In the exam if you calculate SD using the above formula then it says that 68% of the values fall within that range. If the exam asks for 95.45% or 99.73%  then do note that they are 2σ or 3σ and you would need to multiply your answer with the correct value (2 for 95% and 3 for 99%).

So the estimate range (R) can be calculated as

R = E  ± (n * σ)


E = Estimate value calculated using PERT

σ= The standard deviation calculated using (P-O)/6

n=1 if Probability is 68.27%

n=2 if Probability is 95.45%

n=3 if Probability is 99.73%

Note: Larger the standard deviation is, the  lesser will be the confidence on the estimates provided, as it would mean there is a huge range between your optimistic and pessimistic estimates.

That’s the simple calculation for SD.

Now if there is no PERT estimation done and it’s just estimate values then how do you arrive at the SD. Hopefully you won’t need this for the exam, but it is a good know-how.

In such case the SD is calculated as

SD = square root of Variance (from the formula that Variance = (SD)square)

What is variance? It is the average of the squared differences from the Mean and is calculated as follows:

Let’s say there are n values A1,A2, …An.

The mean for these would be

Mean = A1+A2+..+An/n

And the Variance is calculated as

Variance = ((VarA1)^2 + (VarA2)^2 + ..+(VarAn)^2)/n

VarA1 = A1 – Mean,

VarA2 = A2 – Mean and so on till

VarAn = An – Mean

Why are we squaring each of the variance and adding them? If we just add up the sum of the variances then the negatives might cancel the positives and you would not get a clear indicator. The same was tested with absolute values and proved to be erroneous, so the best method arrived at was to square the variances and average them out.
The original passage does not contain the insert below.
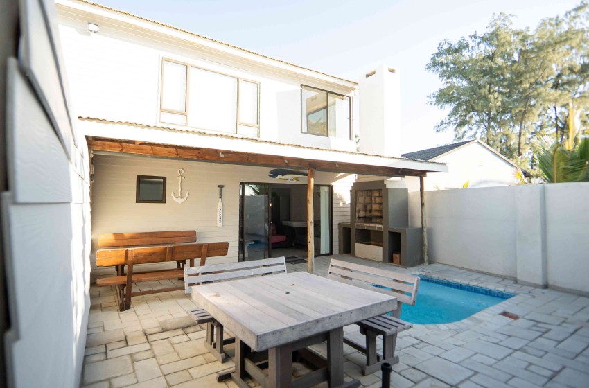 Type: Self-Catering Bedrooms: 3 Capacity: 6 Guests Bathrooms: 2 Features: Air Con, DSTV, Pool, On the Beach, Wi-Fi Barracuda House: It's All About Those Beach Vibes Barracuda House is a 3 bedroom double-storey house situated on Barra Beach, in the popular Barra 5 complex. This gem is tucked away at the back of the property, only a hop and a skip from the ocean. This lovely beach retreat comfortably sleeps 6 guests. An additional two children under 12 years can be accommodated on mattresses at additional cost. The 3 bedrooms are air-conditioned and each has a Super King size bed (which can be moved apart to form 2 x 3/4 beds). The main bedroom with an en-suite bathroom is located downstairs, the other 2 bedrooms, with fabulous sea views, are upstairs and share a bathroom. The cosy living area comprises an open plan kitchen and lounge area with DSTV. Glass sliders lead to the outside patio. Here, you'll find a splash pool, a charcoal braai (that's South African BBQ for you!), and outdoor dining furniture for those unforgettable beachfront feasts. Stay connected with Wi-Fi service and rest easy knowing that the daily cleaning service at Barracuda House keeps everything spick and span. Enjoy the coastal charm of Barra, take leisurely strolls along the silky white sands, cool off with a refreshing dip in the crystal-clear ocean and quench your thirst with an ice cold 2M (great tasting local beer) At Barracuda House, it's all about those beach vibes and creating unforgettable memories by the sea.

And once we have the Variance, SD is calculated as

Standard Deviation = Square root of the Variance


Let’s say we want to find the variance and standard deviation of the estimates provided by 5 people. The estimates were – 10, 14, 15, 16, 20

First the Mean is calculated as – Mean = (10+14+15+16+20)/5 = 15

Then for the Variance, the difference from mean is calculated for each

10 – 15 = -5

14 – 15 = -1

15 – 15 = 0

16 – 15 = 1

20 – 15 = 5

Variance = ((-5)^2 + (-1)^2 + (0)^2 + (1)^2 + (5)^2)/5 = 10.4

So variance is 10.4 and the SD is square root of variance

SD = 3.23

So this means that on average the estimates provided have a variance of 3.23

Hope this helps in clearing some points for SD.